## Work task
Please transcribe only the lines between the one containing "Tot aici avem" and the end of the records, both ends included, exactly as written; skip every picture.

*** Opening of Given records ***

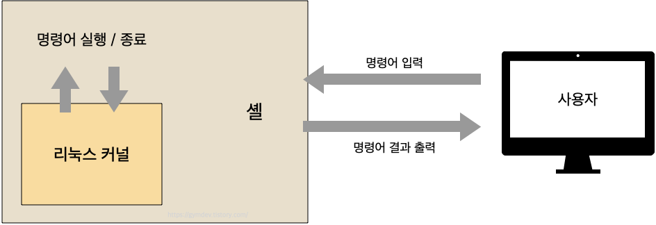 이 과정에서 (3) 명령어를 실행하는 과정은 리눅스의 본체인 커널이 수행한다. 커널은 운영체제 중심에서 CPU나 메모리 등의 하드웨어를 관리하면서 명령어를 실행하고 프로세스를 관리한다. 리눅스에서는 사용자가 커널을 직접 조작하는 것이 아니라 사이에서 명령어를 조작해주는 소프트웨어가 필요하다. 이 소프트웨어가 셸이다. 즉, 셸(Shell) 이란 커널의 인터페이스에 해당한다.
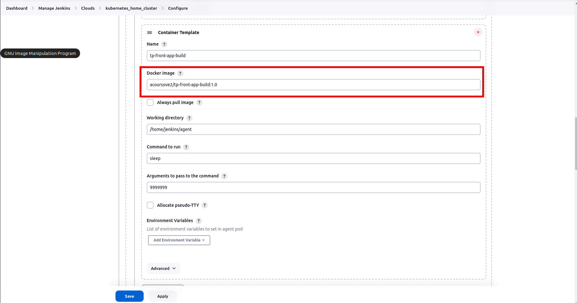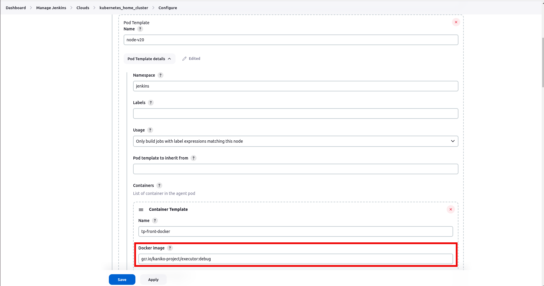 젠킨스 -> Dashboard -> Manage Jenkins -> Cloud -> K8S 클러스터 선택 -> Configure
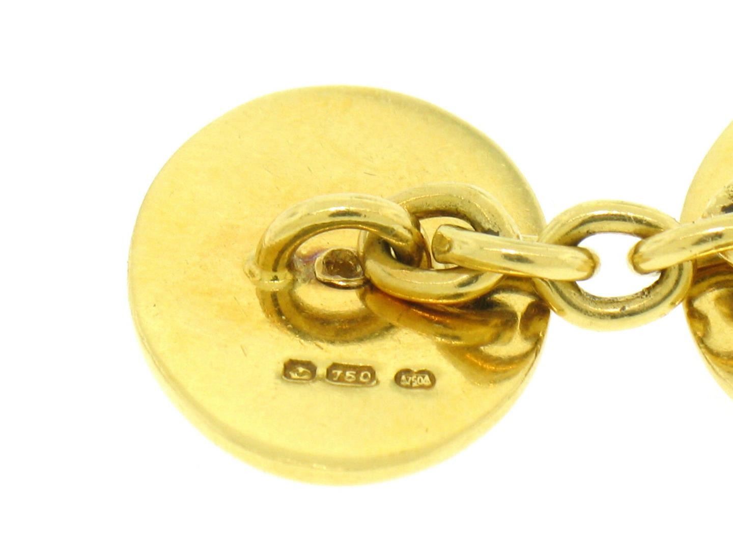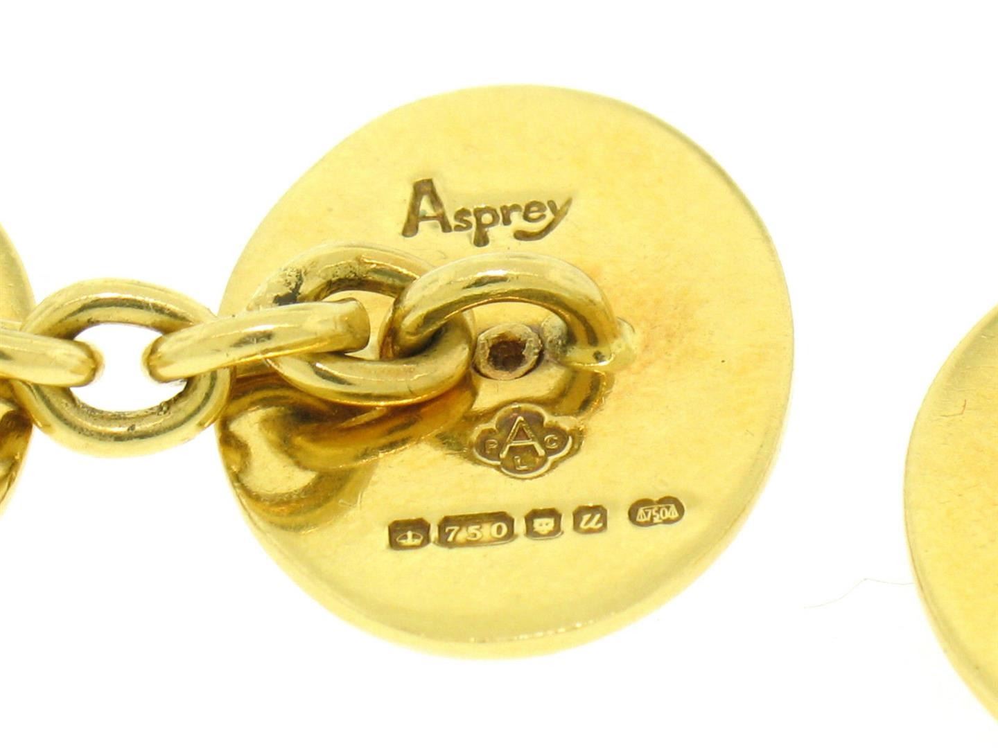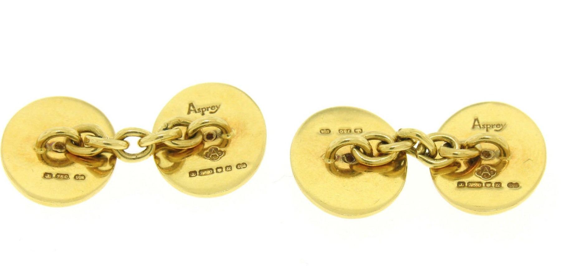 A 100% original pair of solid 18k yellow gold cuff links by Asprey featuring red and white enamel stripes with 5-pointed stars at the center of each panel.These cuff links have a chain linked dual panel design, weigh a total of 17.20 grams, and the panels measure 18.9x14.0mm.
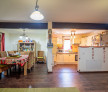 Tot aici avem o bucătărie complet echipată și utilată, un loc de luat masa, un dormitor confortabil, o baie, un hol și casa scării.
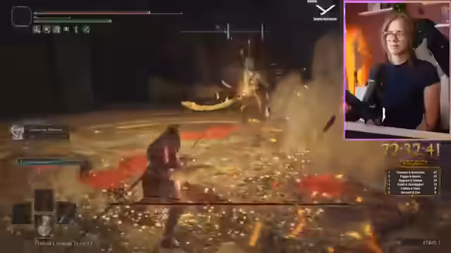 02:08:54Der Streamer kämpft gegen einen anspruchsvollen Boss im Erdreich, der aufgrund seiner Größe und schnellen Attacken schwierig zu treffen ist. Er hat Schwierigkeiten, die Animations des Bosses rechtzeitig zu erkennen, muss raten und erleidet dabei erheblichen Schaden. Trotzdem sammelt er Runen, nachdem er den Boss besiegt hat, und überlegt, seine Waffe zu upgraden, da er 38.000 Gold gesammelt hat. Er beschreibt den Kampf als sehr anstrengend und frustrierend, da er den Boss aufgrund seiner Größe und Bewegungsmuster nur schwer treffen kann.
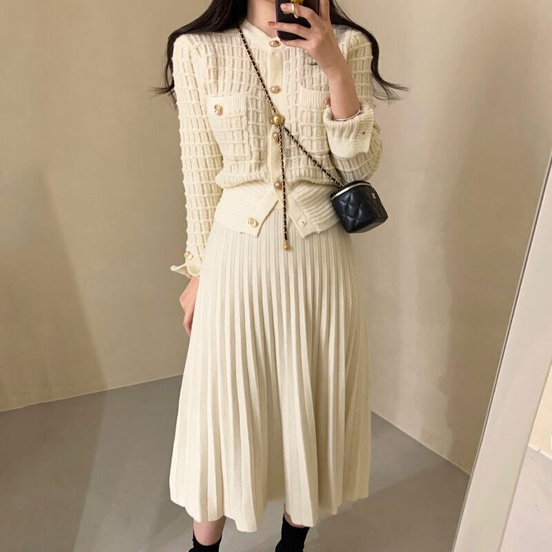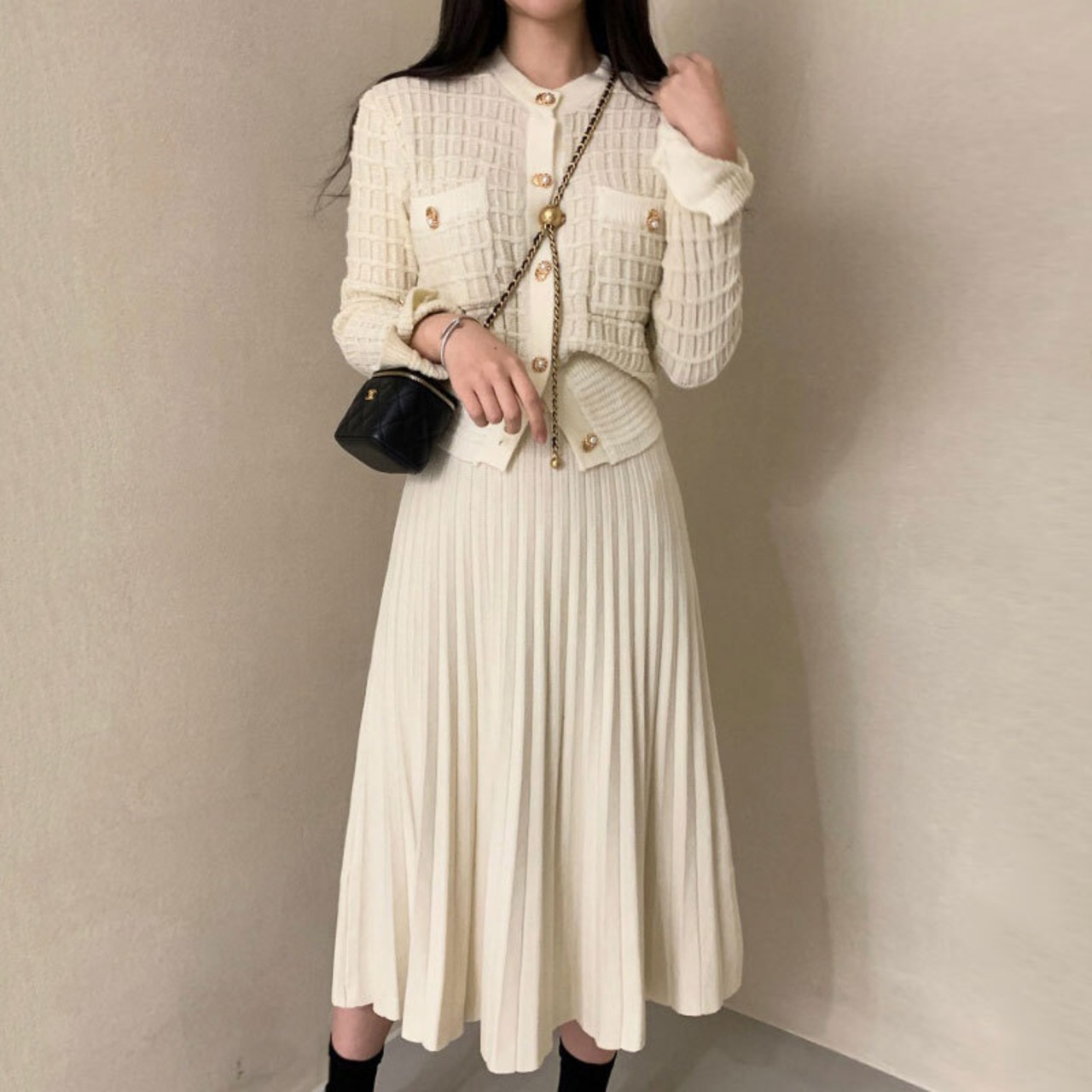 カーディガン トップス ニット セーター ラウンドネック ゴールドボタン シンプル シック 秋冬 ママコーデ デート お出かけ MH3466
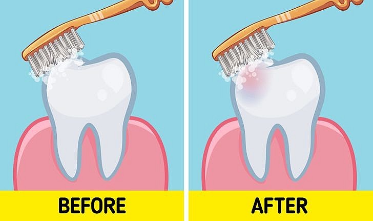 Mặt khác, bạn cũng không nên chải răng quá nhiều, quá mạnh hoặc quá lâu vì điều này sẽ dễ gây tổn thương men răng. Theo đó, nên đánh răng theo nguyên tắc 3/3/3: Đánh răng 3 lần mỗi ngày, chải cả 3 mặt trước, trong và sau răng, thời gian đánh răng không nên quá 3 phút.
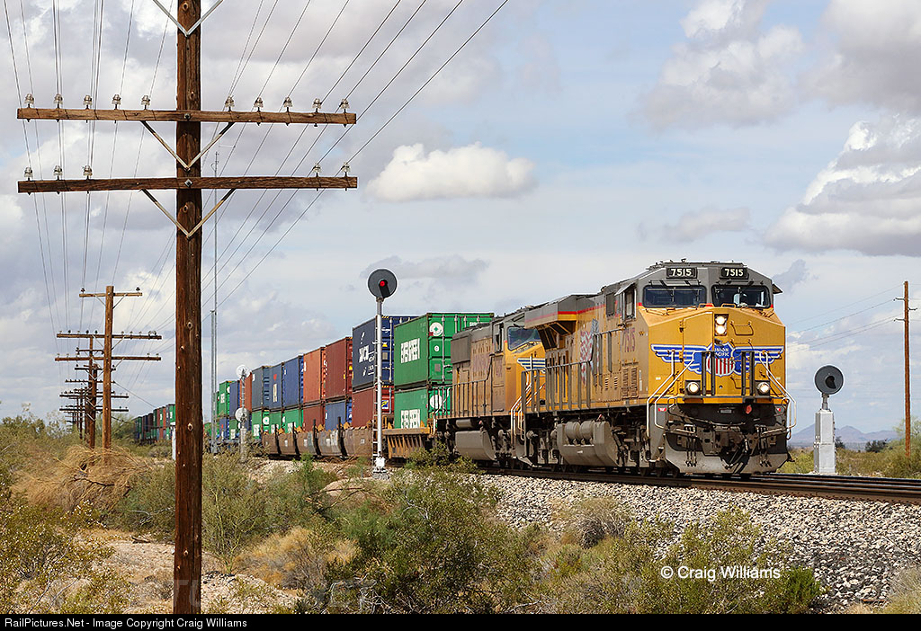 We didn't really figure with Tuesday's forecast we would get anything for decent shots. Surprisingly when we landed it was sunny out and we made tracks to the UP Gila Sub around Shawmut. Here is our 2nd eastbound from Los Angeles, CA, (Savage Pacific Services) to Wilmer, TX, (Dallas Intermodal Terminal) passes the west switch of Bosque, the 1st siding east of Gila Bend. Fighting the 1% grade, this guy slowly creeps east towards Tuscon, the next crew change. This is the UP Gila Sub, ex Southern Pacific Sunset Route between Yuma, AZ and Tuscon, AZ.

*** Close of Given records ***

## Written response
 Tot aici avem o bucătărie complet echipată și utilată, un loc de luat masa, un dormitor confortabil, o baie, un hol și casa scării.
 02:08:54Der Streamer kämpft gegen einen anspruchsvollen Boss im Erdreich, der aufgrund seiner Größe und schnellen Attacken schwierig zu treffen ist. Er hat Schwierigkeiten, die Animations des Bosses rechtzeitig zu erkennen, muss raten und erleidet dabei erheblichen Schaden. Trotzdem sammelt er Runen, nachdem er den Boss besiegt hat, und überlegt, seine Waffe zu upgraden, da er 38.000 Gold gesammelt hat. Er beschreibt den Kampf als sehr anstrengend und frustrierend, da er den Boss aufgrund seiner Größe und Bewegungsmuster nur schwer treffen kann.
 カーディガン トップス ニット セーター ラウンドネック ゴールドボタン シンプル シック 秋冬 ママコーデ デート お出かけ MH3466
 Mặt khác, bạn cũng không nên chải răng quá nhiều, quá mạnh hoặc quá lâu vì điều này sẽ dễ gây tổn thương men răng. Theo đó, nên đánh răng theo nguyên tắc 3/3/3: Đánh răng 3 lần mỗi ngày, chải cả 3 mặt trước, trong và sau răng, thời gian đánh răng không nên quá 3 phút.
 We didn't really figure with Tuesday's forecast we would get anything for decent shots. Surprisingly when we landed it was sunny out and we made tracks to the UP Gila Sub around Shawmut. Here is our 2nd eastbound from Los Angeles, CA, (Savage Pacific Services) to Wilmer, TX, (Dallas Intermodal Terminal) passes the west switch of Bosque, the 1st siding east of Gila Bend. Fighting the 1% grade, this guy slowly creeps east towards Tuscon, the next crew change. This is the UP Gila Sub, ex Southern Pacific Sunset Route between Yuma, AZ and Tuscon, AZ.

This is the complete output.